What needs reproducing is the run of lines in the data below starting at the line with "Health Requirements. |" and ending at the line with "水泥人網(wǎng)通訊員消", both ends included. Copy it exactly, without pictures, and add nothing.

Provided entries:
-- Opening Marker --
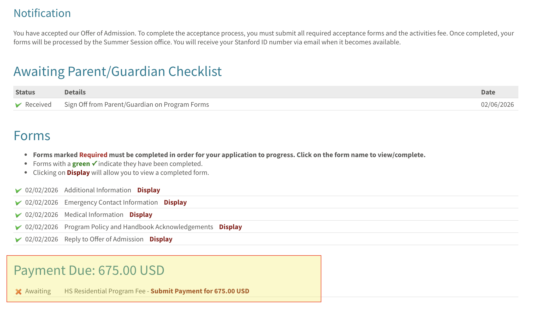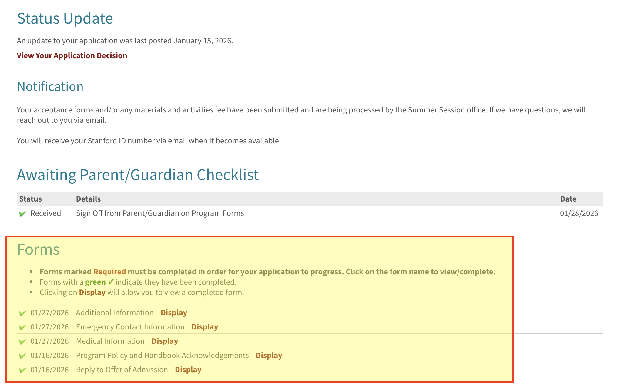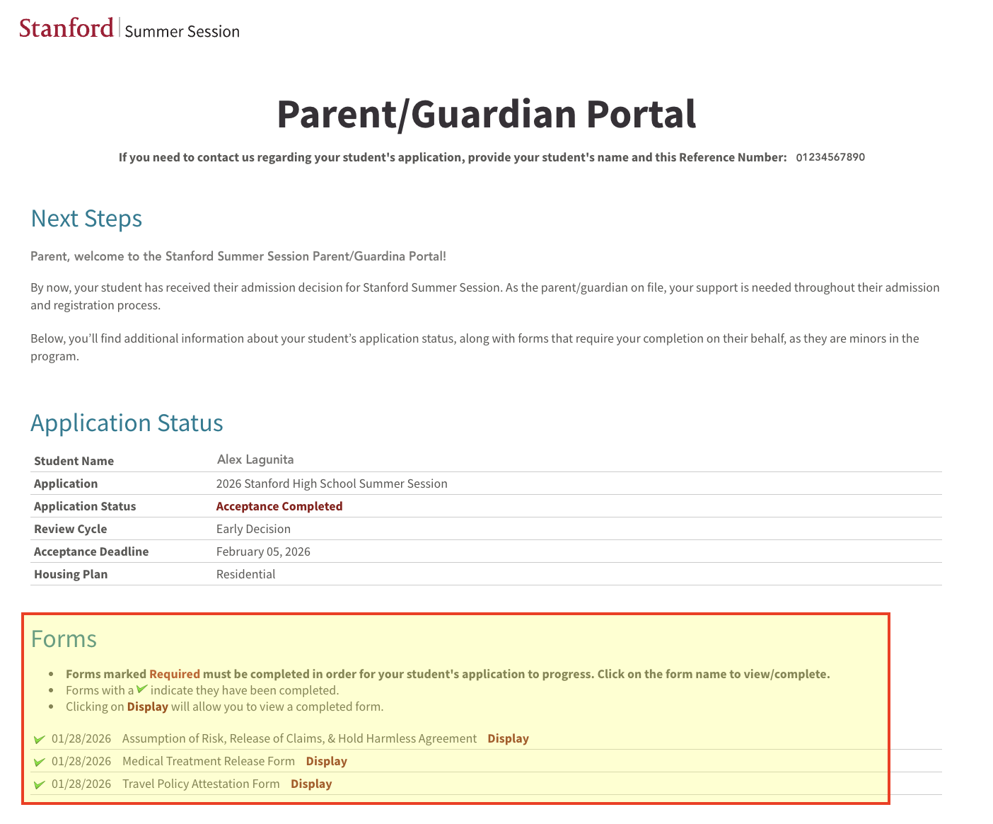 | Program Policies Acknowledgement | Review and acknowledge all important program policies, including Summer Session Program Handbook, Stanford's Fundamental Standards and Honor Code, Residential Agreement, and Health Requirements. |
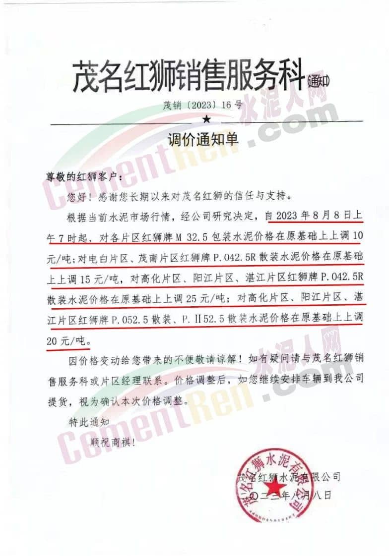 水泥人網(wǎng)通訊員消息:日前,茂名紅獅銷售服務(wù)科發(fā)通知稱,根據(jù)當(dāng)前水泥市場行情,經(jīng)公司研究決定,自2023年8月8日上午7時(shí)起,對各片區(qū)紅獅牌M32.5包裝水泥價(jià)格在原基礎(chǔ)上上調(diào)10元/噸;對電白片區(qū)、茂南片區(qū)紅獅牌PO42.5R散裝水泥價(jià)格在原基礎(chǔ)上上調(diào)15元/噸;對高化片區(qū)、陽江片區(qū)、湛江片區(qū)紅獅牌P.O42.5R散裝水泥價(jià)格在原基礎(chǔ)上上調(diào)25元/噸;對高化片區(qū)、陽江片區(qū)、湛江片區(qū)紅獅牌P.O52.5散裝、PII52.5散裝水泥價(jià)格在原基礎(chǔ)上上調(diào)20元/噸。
-- Closing Marker --
-- Opening Marker --
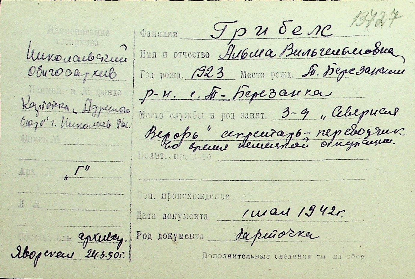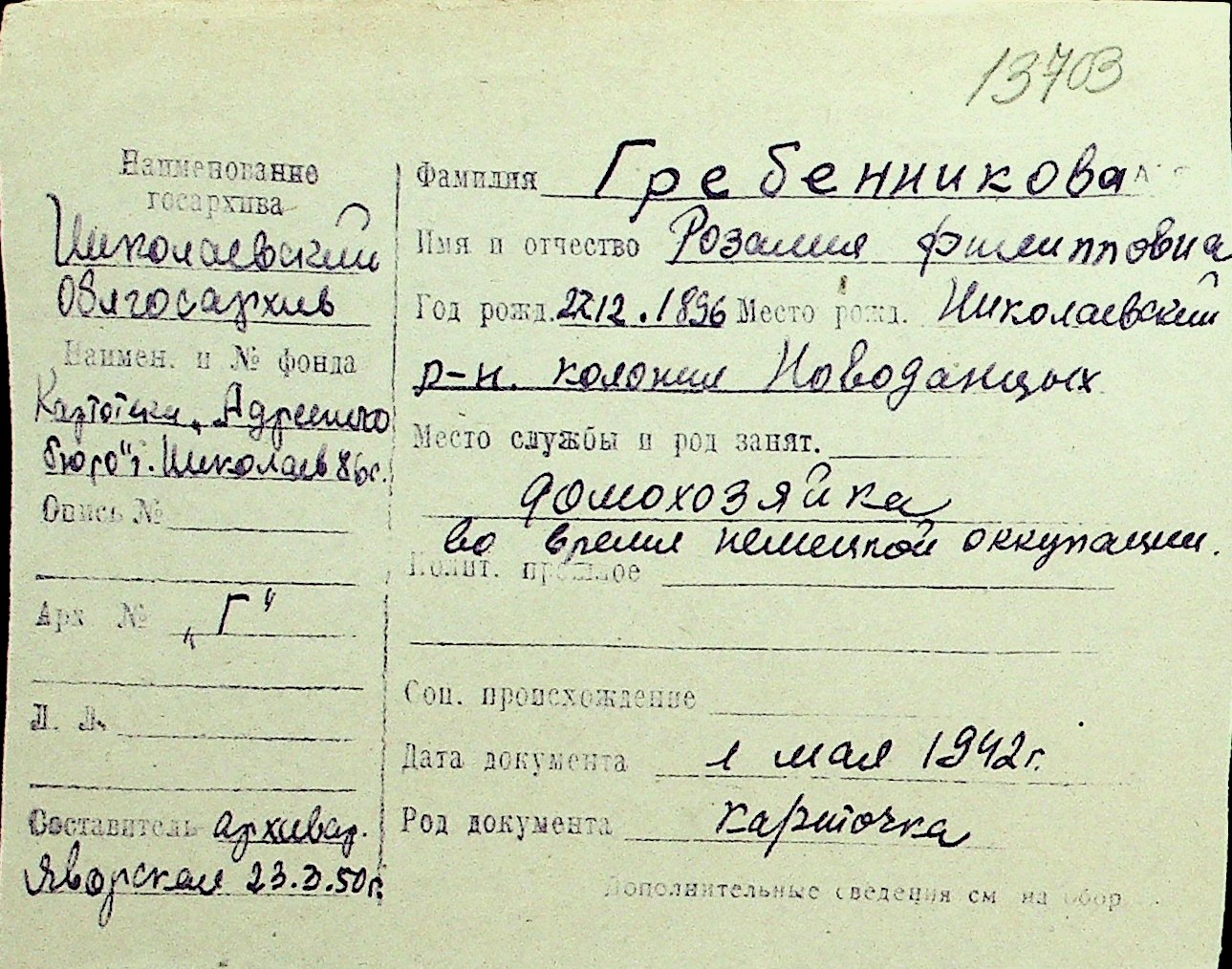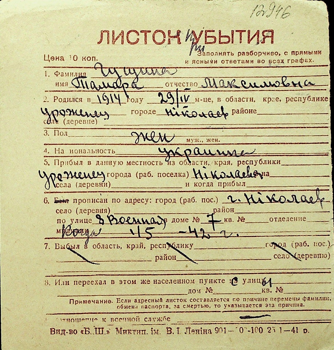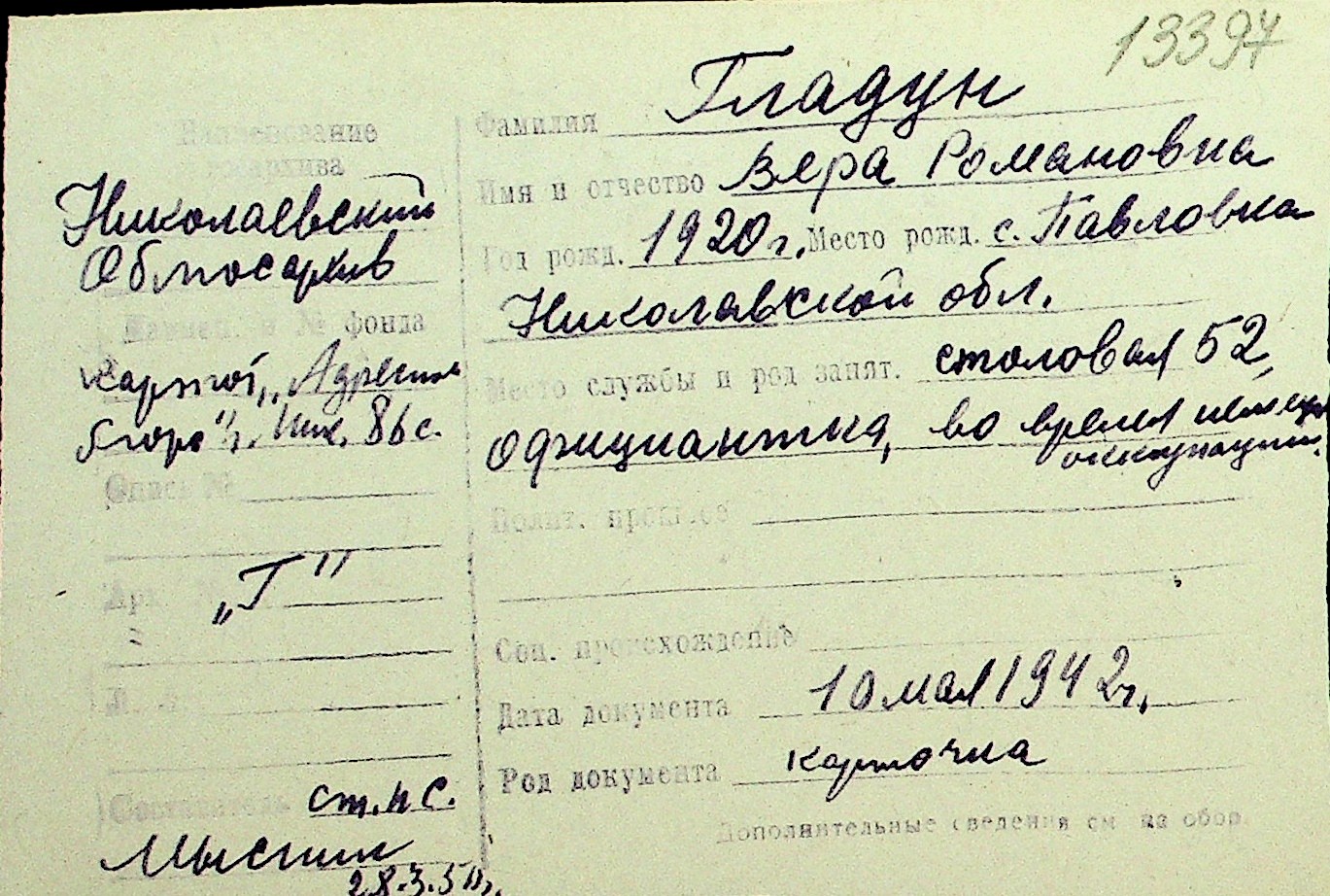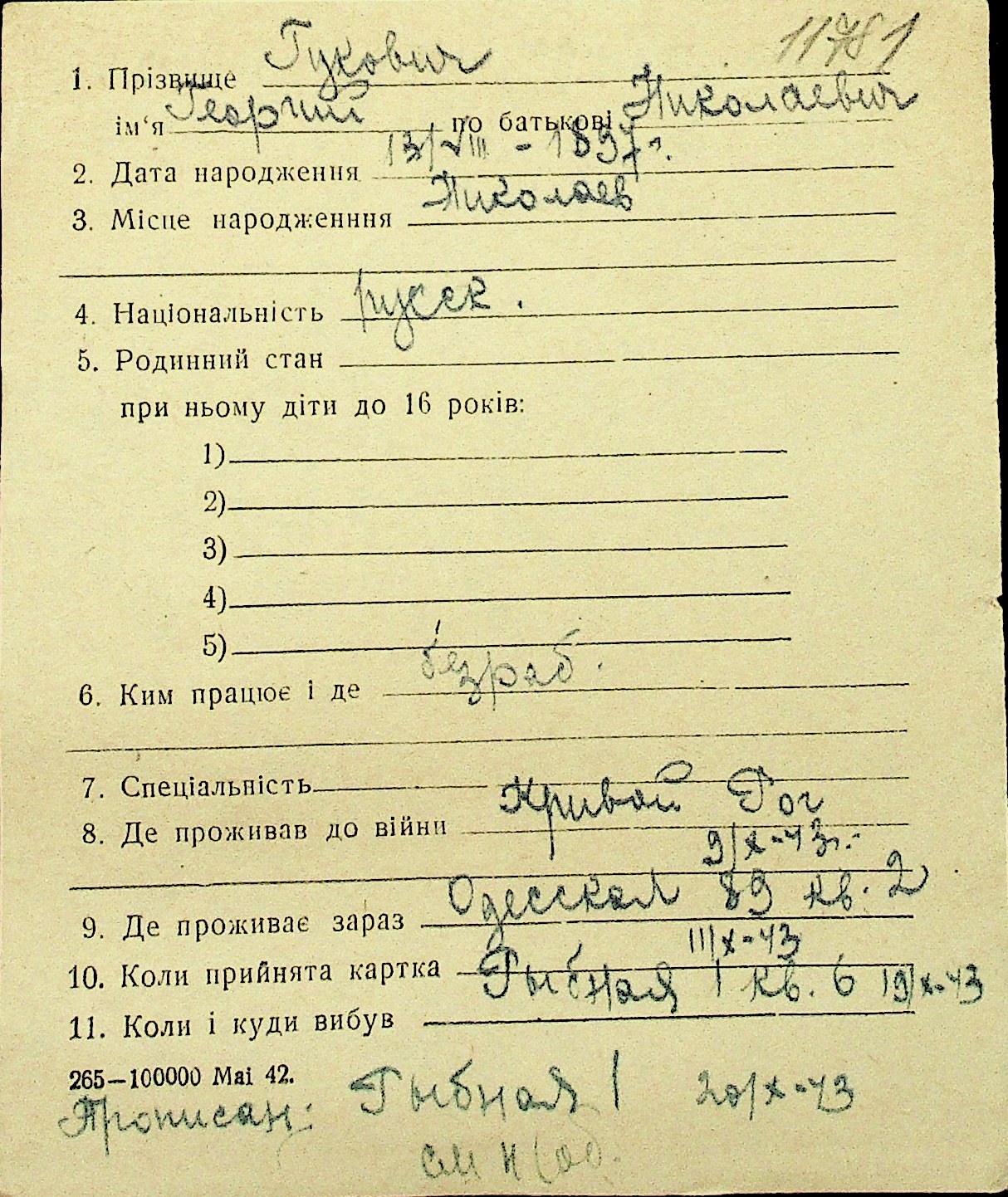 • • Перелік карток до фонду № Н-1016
-- Closing Marker --
-- Opening Marker --
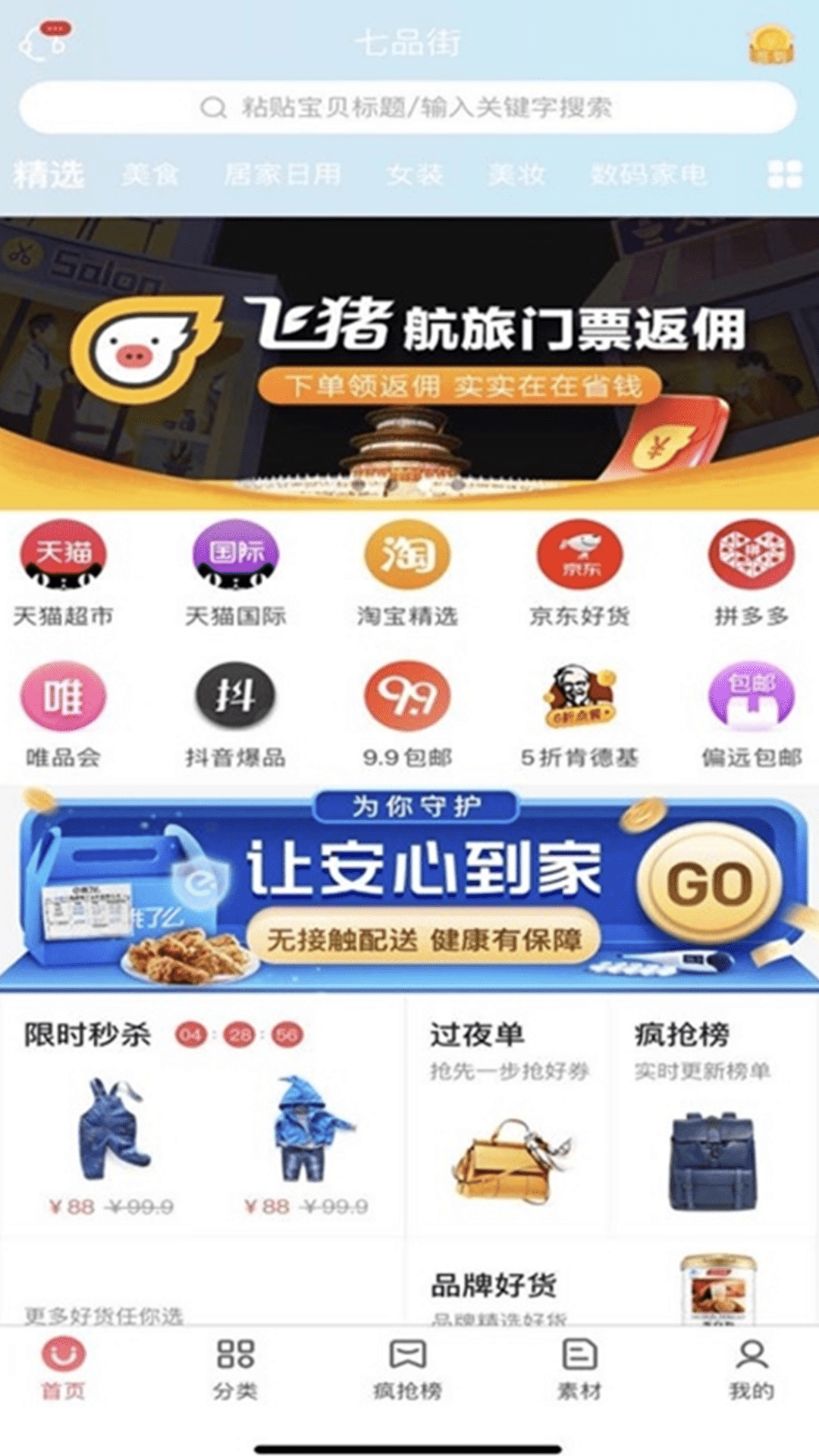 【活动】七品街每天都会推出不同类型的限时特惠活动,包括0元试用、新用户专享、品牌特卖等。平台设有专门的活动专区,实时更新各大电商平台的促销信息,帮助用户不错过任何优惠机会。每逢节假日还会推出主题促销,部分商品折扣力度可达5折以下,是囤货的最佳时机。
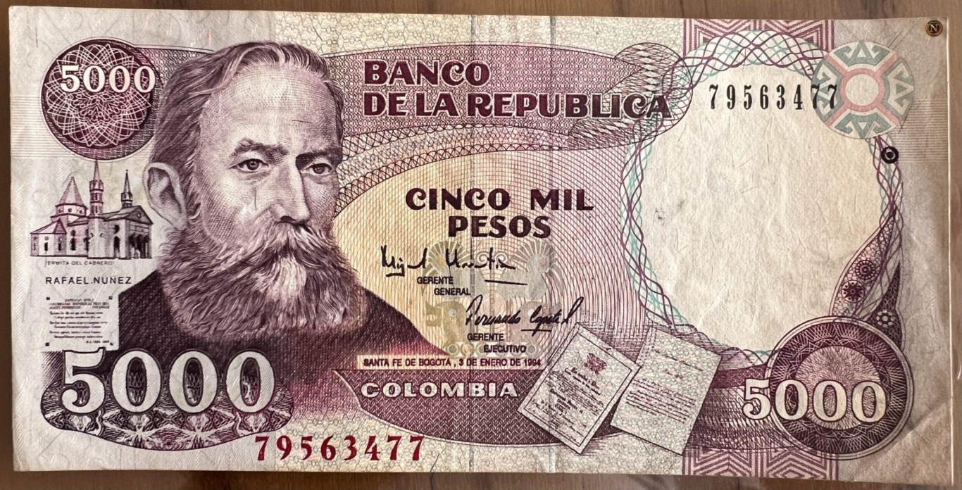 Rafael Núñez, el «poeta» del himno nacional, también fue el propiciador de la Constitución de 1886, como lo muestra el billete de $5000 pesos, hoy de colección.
-- Closing Marker --
Task response:
 | Program Policies Acknowledgement | Review and acknowledge all important program policies, including Summer Session Program Handbook, Stanford's Fundamental Standards and Honor Code, Residential Agreement, and Health Requirements. |
 水泥人網(wǎng)通訊員消息:日前,茂名紅獅銷售服務(wù)科發(fā)通知稱,根據(jù)當(dāng)前水泥市場行情,經(jīng)公司研究決定,自2023年8月8日上午7時(shí)起,對各片區(qū)紅獅牌M32.5包裝水泥價(jià)格在原基礎(chǔ)上上調(diào)10元/噸;對電白片區(qū)、茂南片區(qū)紅獅牌PO42.5R散裝水泥價(jià)格在原基礎(chǔ)上上調(diào)15元/噸;對高化片區(qū)、陽江片區(qū)、湛江片區(qū)紅獅牌P.O42.5R散裝水泥價(jià)格在原基礎(chǔ)上上調(diào)25元/噸;對高化片區(qū)、陽江片區(qū)、湛江片區(qū)紅獅牌P.O52.5散裝、PII52.5散裝水泥價(jià)格在原基礎(chǔ)上上調(diào)20元/噸。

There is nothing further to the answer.